A total of 10 case-control studies were included, comprising a variable number of KIR typified genes and psoriasis vulgaris (PsV) as the main clinical variant studied. In the total pooled results, the KIR2DS1 gene (OR = 1.518, p = .010, 95%CI: 1.105 to 2.086) was related to higher susceptibility to PsV, while the KIR2DS4 (OR = 0.563, p = .005, 95%CI: 0.376 to 0.842) and KIR3DL1 (OR = 0.602, p = .040, 95%CI: 0.370 to 0.977) genes were related to protection against PsV.

Conclusion

This meta-analysis demonstrates that subjects that carry the KIR2DS1 gene could have a potential risk factor for the development of PsV. Conversely, KIR2DS4 and 3DL1 genes appear to confer protection against PsV.

中文翻译：

银屑病临床变异与杀伤性免疫球蛋白样受体 (KIR) 基因之间关系的评估：荟萃分析的系统评价

摘要

背景

银屑病 (Ps) 是一种自身免疫性皮肤病。
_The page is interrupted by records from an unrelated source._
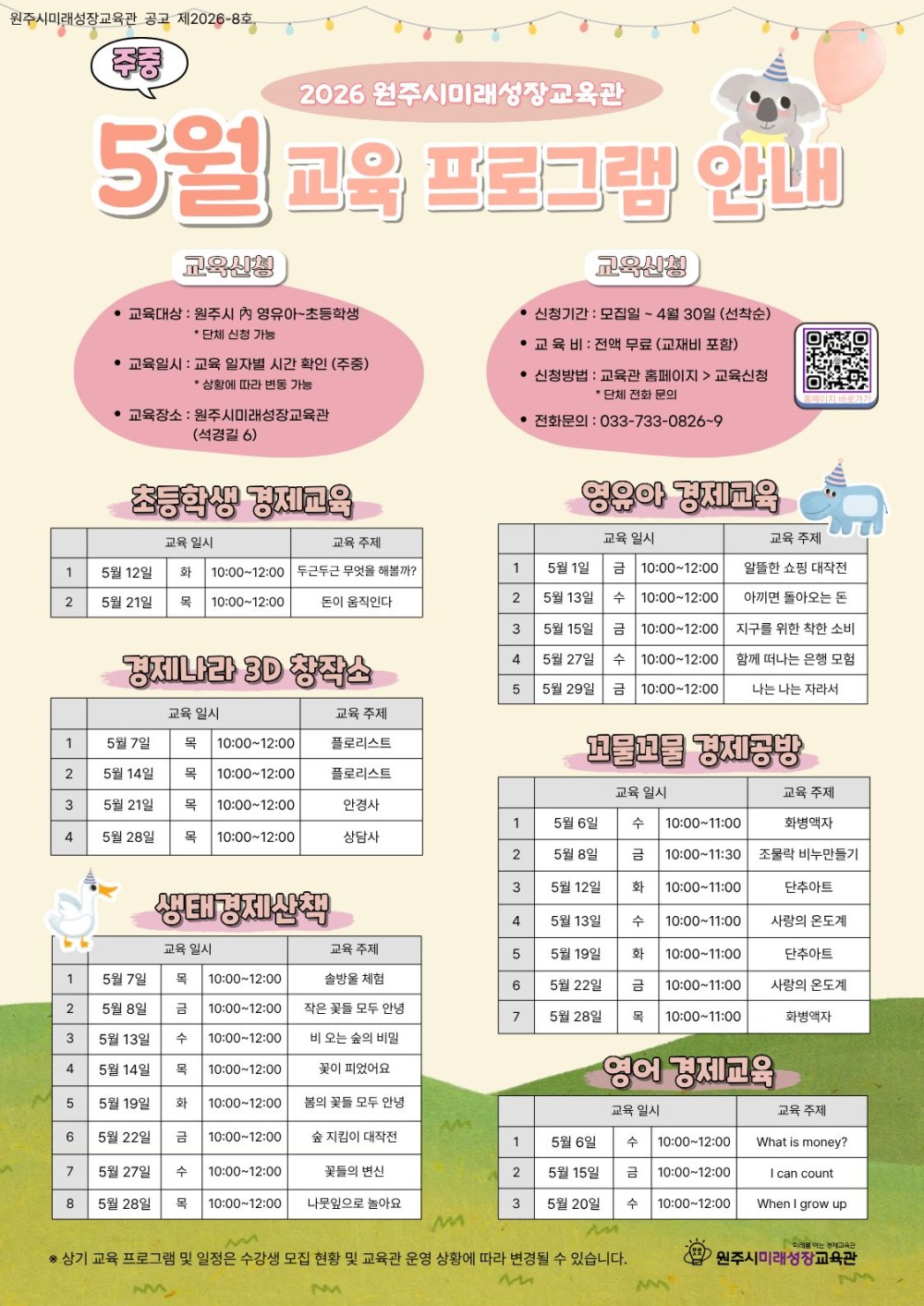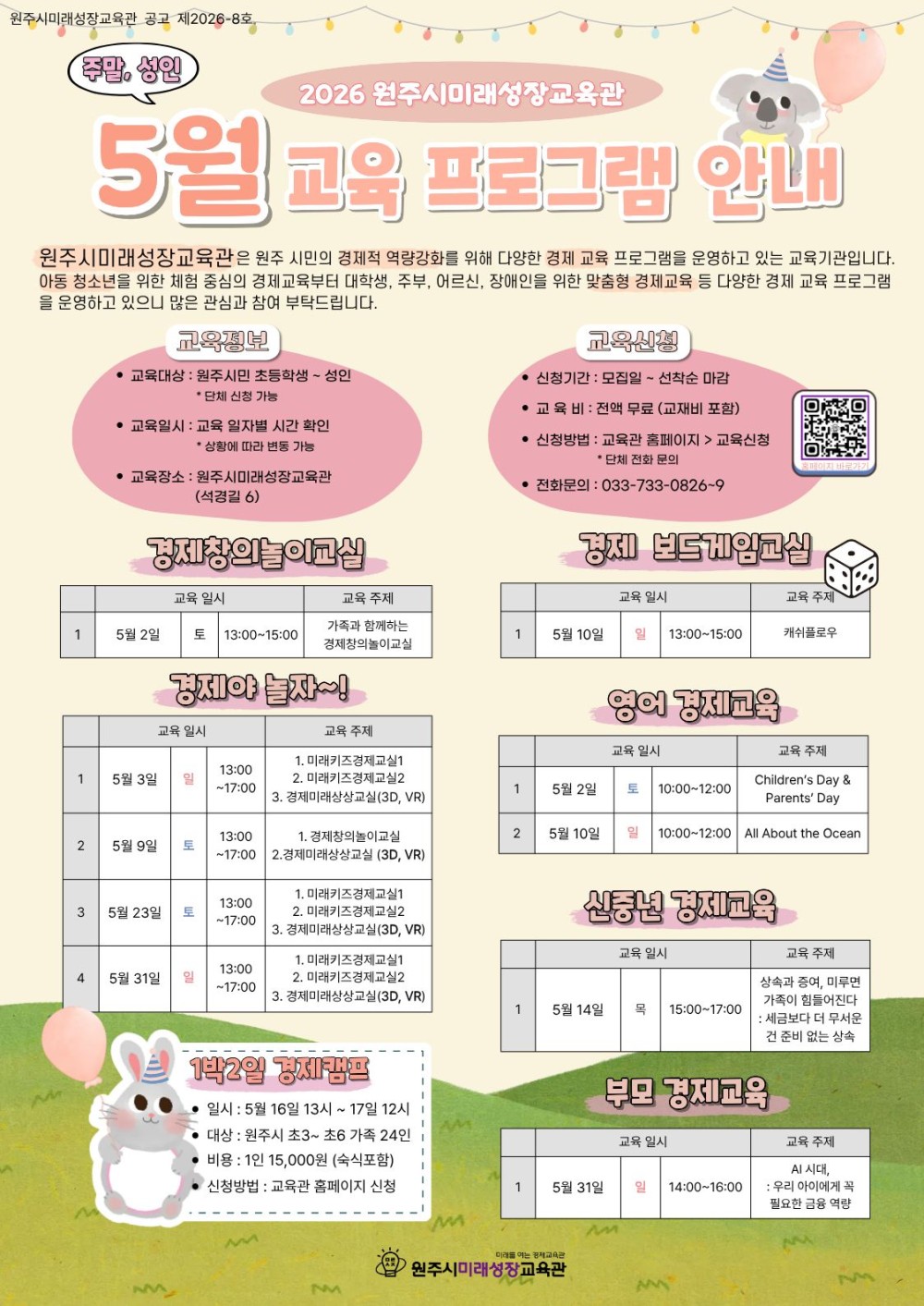 미래를 여는 경제교육관 「원주시미래성장교육관」에서 2026년 5월 다양한 경제 교육 프로그램을 운영하오니, 많은 관심과 참여 부탁드립니다.
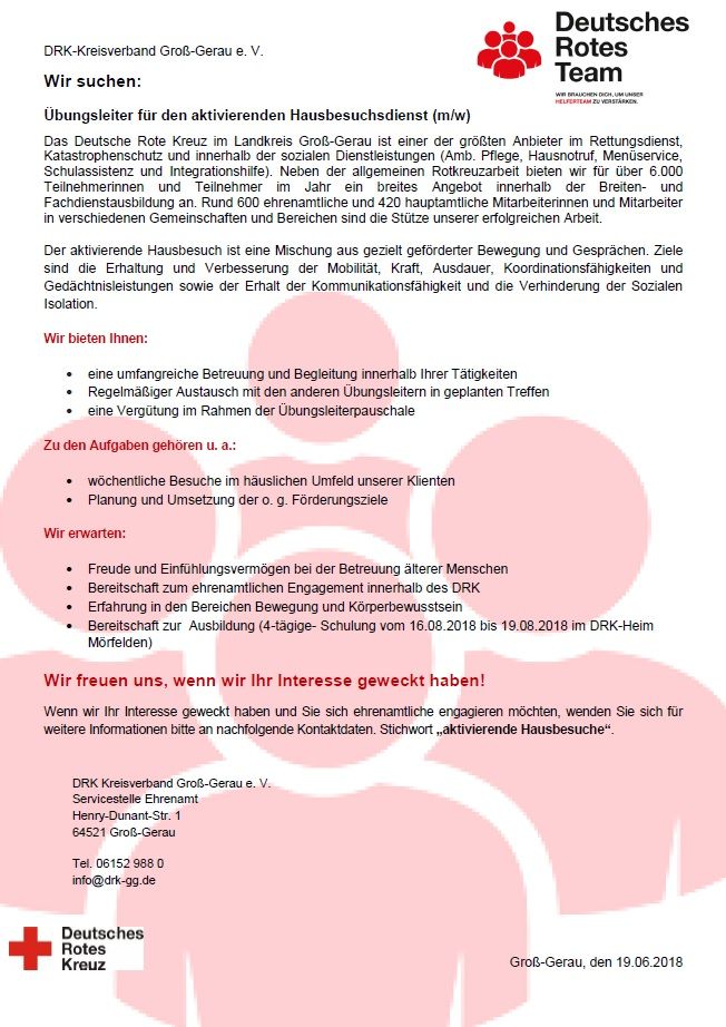 Für unser neues Angebot, den aktivierenden Hausbesuchsdienst, suchen wir Übungsleiter (m/w). Der aktivierende Hausbesuch ist eine Mischung aus gezielt geförderter Bewegung und Gesprächen. Ziele sind die Erhaltung und Verbesserung der Mobilität, Kraft, Ausdauer, Koordinationsfähigkeiten und Gedächtnisleistungen sowie der Erhalt der Kommunikationsfähigkeit und die Verhinderung der Sozialen Isolation.
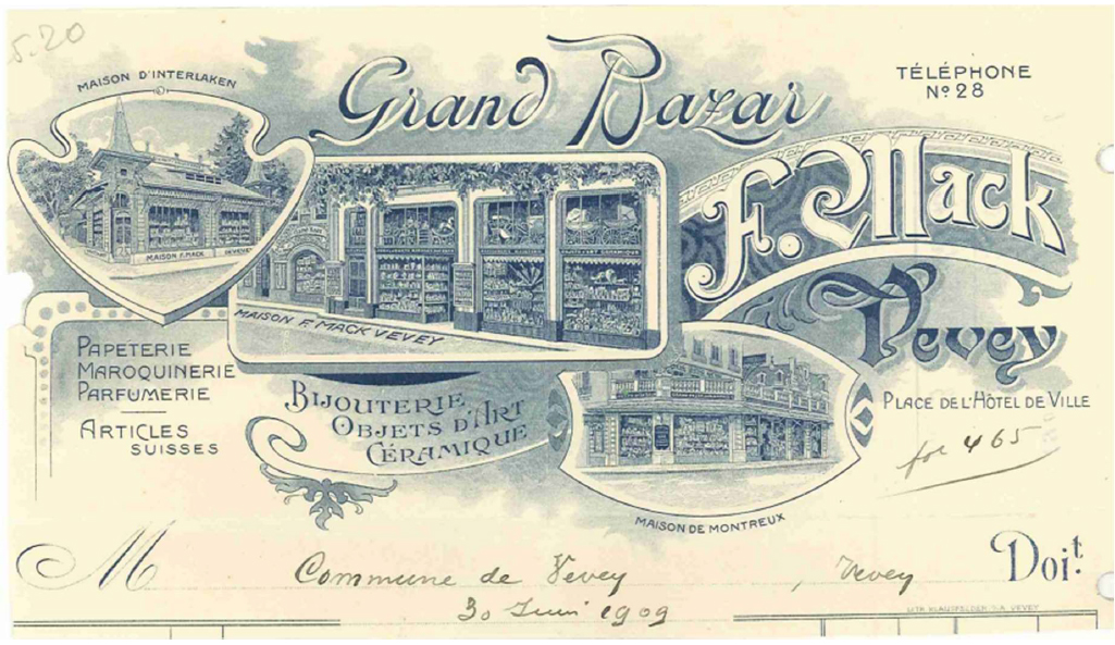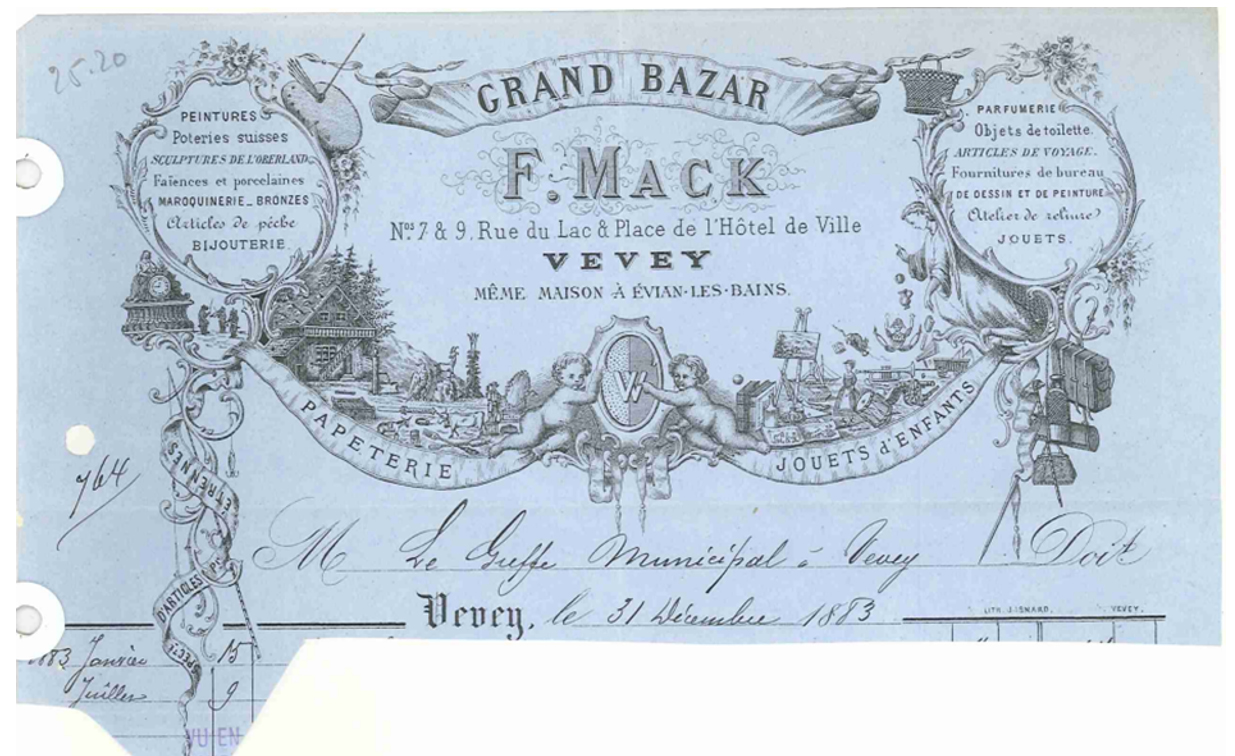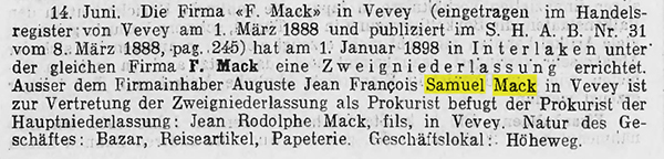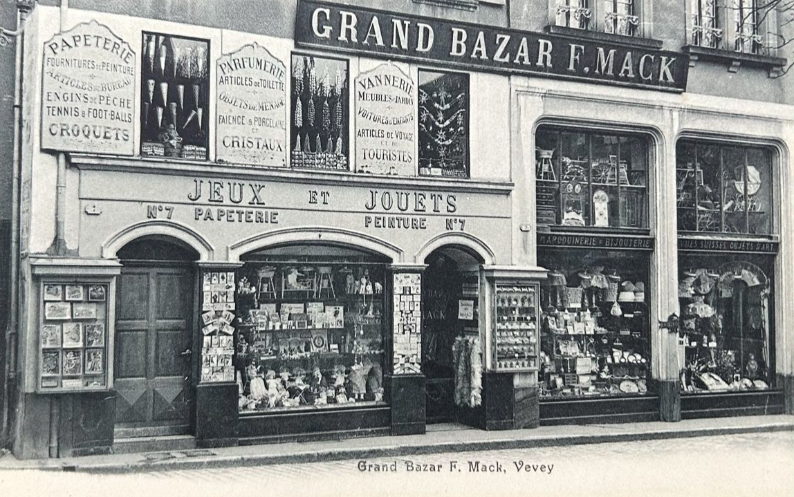 Samuel Mack (1840-1912) war ein Enkel des Deutschen Gottlieb Mack (1783-1848) aus Sontheim an der Brenz in Württemberg. Dieser hatte sich am 26. März 1819 in Vevey, Kanton Waadt, einbürgern lassen. Sein Sohn Amédée François Louis Mack („François“, 1811-1857) hatte mit Rose Faucherre (?-1889) neun Kinder, darunter sieben Söhne. Der Zweitgeborene war (Auguste Jean François) Samuel. François gründete 1834 ein Schreibwarengeschäft/Papeterie nebst Buchhandlung. Samuel bildete sich zur Erlernung der deutschen Sprache nach seiner Schulzeit in Heilbronn, heute Baden-Württemberg, fort. Nach dem Tod des Vaters übernahm Samuel am 1. Mai 1863 (Feuille d’avis d’Aigle, 10. Mai 1863) das Geschäft zusammen mit seiner Mutter und später mit seinem Bruder Edouard (1846-1919). Zu diesem Zeitpunkt befand sich das Geschäft in der Rue du Lac, 17 in Vevey. Wenig später heiratete Samuel Mack Fanny Thury (?-1877) von Morges VD. Am 2. Dezember wurde Jean Rodolphe Mack (1864-?), das erste Kind von Samuel Mack geboren. Das Geschäft wurde 1864 an die Adresse Rue du Lac, 7 und 9 verlagert und vergrössert, das Sortiment um Kinderspielzeug und vieles mehr erweitert und im Mai 1865 als Magasin neu eröffnet. Ab 1868 wurden auch Früchte verkauft und ab 1870 Schönheits- und Körperpflegeprodukte.

先前的研究表明，KIR基因与对某些 Ps 临床变异的易感性之间存在关联。因此，我们通过荟萃分析进行了详尽的系统评价，以评估KIR基因与总体人群中 Ps 临床变异的易感性之间的关系以及根据种族。

方法

根据 PRISMA 指南，我们通过 PubMed 和 Web of Science 进行了系统审查，以确定有关KIR基因和 Ps 的相关可用科学出版物。使用纽卡斯尔-渥太华量表评估研究的质量。使用分析基因的随机和固定效应模型估计优势比 (OR) 和 95% 置信区间 (95% CI)。异质性使用 Cochran's Q -Statistic 和 I ²进行测试，偏倚风险使用 Begg 检验和 Egger 线性回归进行测试。

结果

共纳入 10 项病例对照研究，包括可变数量的KIR典型基因和作为研究的主要临床变异的寻常型银屑病 (PsV)。在总汇总结果中，KIR2DS1基因 (OR = 1.518, p = .010, 95%CI: 1.105 至 2.086) 与 PsV 的更高易感性相关，而KIR2DS4 (OR = 0.563, p = .005, 95% CI: 0.376 到 0.842) 和KIR3DL1 (OR = 0.602, p = .040, 95%CI: 0.370 到 0.977) 基因与对 PsV 的保护有关。